Data>
────
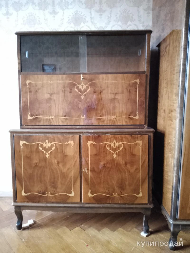 СРОЧНО и выгодно! Винтажный гаpнитуp из маcсивa дерeвa, с инкрустацией и изящными ножками. В комплект входят: 1. Большой раздвижной обеденный стол с 4-мя стульями (20000 руб.) 2. Буфет (5000 руб.) 3. Спальный гарнитур: две кровати с матрасами, могут использоваться как двуспальная кровать (10000 руб.), шкаф бельевой (6000 руб.) и трельяж - 4000 руб. 3. Секретер - 5000 руб. (требуется замена замка у вехнего отделения). Мебель в хорошем состоянии, понравится любителям ретро, идеально подходит для переделки на свой вкус! Самовывоз (7-й этаж, без грузового лифта).
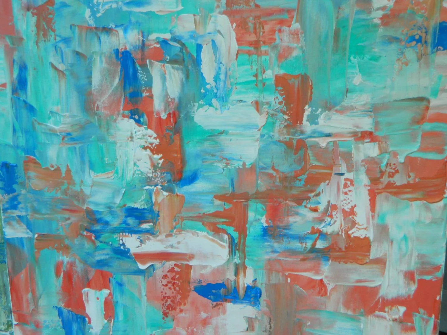 Original Artwork › Large turquoise coral pink/ orange/ peach abstract painting by Marcy Chapman 48 x 36 Original artwork wall decorUnstretched canvas painting Image 1 of 4 Image 2 of 4 Image 3 of 4 Image 4 of 4 Large turquoise coral pink/ orange/ peach abstract painting by Marcy Chapman 48 x 36 Original artwork wall decorUnstretched canvas painting $100.00 This is a large Original abstract modern / contemporary painting by Marcy Chapman This paintings colors are so light and fresh. This painting measures 48" x 36" and is shipped unstretched canvas only. Check out more of my paintings at mecart.etsy.com Get notified by email when this product is in stock. Add To Cart Added! This is a large Original abstract modern / contemporary painting by Marcy Chapman This paintings colors are so light and fresh. This painting measures 48" x 36" and is shipped unstretched canvas only. Check out more of my paintings at mecart.etsy.com
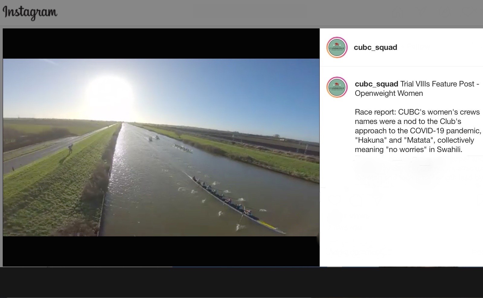 After I wrote my piece on the recent Boat Race Trials, the Oxbridge boat clubs posted coverage of the races on social media (typical students, handing their work in late). Oxford posted on Twitter, @OxfordUniBC and @OUWBCsquad. Cambridge, now one club for men and for women, posted on Instagram, @cubc_squad.
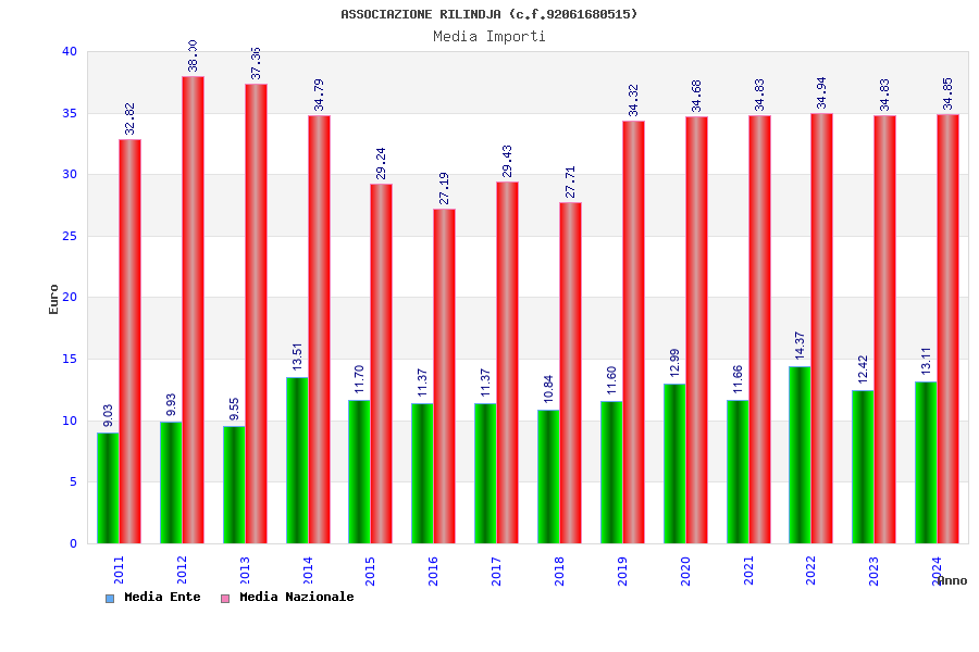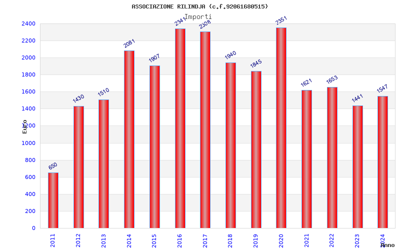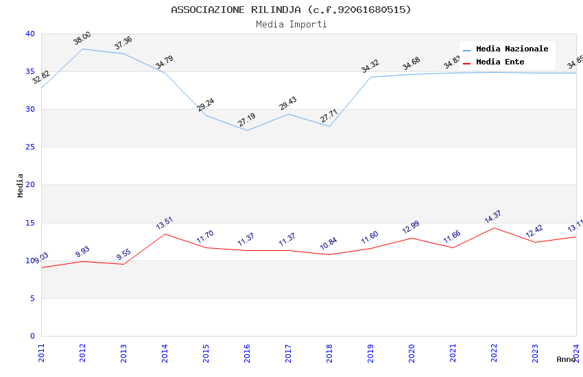 | Anno | Firme | Importi | Media | Naz. | Reg. | Prov. | Comu. |
────
Restate every line above word for word. Do not carry over the images.

 СРОЧНО и выгодно! Винтажный гаpнитуp из маcсивa дерeвa, с инкрустацией и изящными ножками. В комплект входят: 1. Большой раздвижной обеденный стол с 4-мя стульями (20000 руб.) 2. Буфет (5000 руб.) 3. Спальный гарнитур: две кровати с матрасами, могут использоваться как двуспальная кровать (10000 руб.), шкаф бельевой (6000 руб.) и трельяж - 4000 руб. 3. Секретер - 5000 руб. (требуется замена замка у вехнего отделения). Мебель в хорошем состоянии, понравится любителям ретро, идеально подходит для переделки на свой вкус! Самовывоз (7-й этаж, без грузового лифта).
 Original Artwork › Large turquoise coral pink/ orange/ peach abstract painting by Marcy Chapman 48 x 36 Original artwork wall decorUnstretched canvas painting Image 1 of 4 Image 2 of 4 Image 3 of 4 Image 4 of 4 Large turquoise coral pink/ orange/ peach abstract painting by Marcy Chapman 48 x 36 Original artwork wall decorUnstretched canvas painting $100.00 This is a large Original abstract modern / contemporary painting by Marcy Chapman This paintings colors are so light and fresh. This painting measures 48" x 36" and is shipped unstretched canvas only. Check out more of my paintings at mecart.etsy.com Get notified by email when this product is in stock. Add To Cart Added! This is a large Original abstract modern / contemporary painting by Marcy Chapman This paintings colors are so light and fresh. This painting measures 48" x 36" and is shipped unstretched canvas only. Check out more of my paintings at mecart.etsy.com
 After I wrote my piece on the recent Boat Race Trials, the Oxbridge boat clubs posted coverage of the races on social media (typical students, handing their work in late). Oxford posted on Twitter, @OxfordUniBC and @OUWBCsquad. Cambridge, now one club for men and for women, posted on Instagram, @cubc_squad.
 | Anno | Firme | Importi | Media | Naz. | Reg. | Prov. | Comu. |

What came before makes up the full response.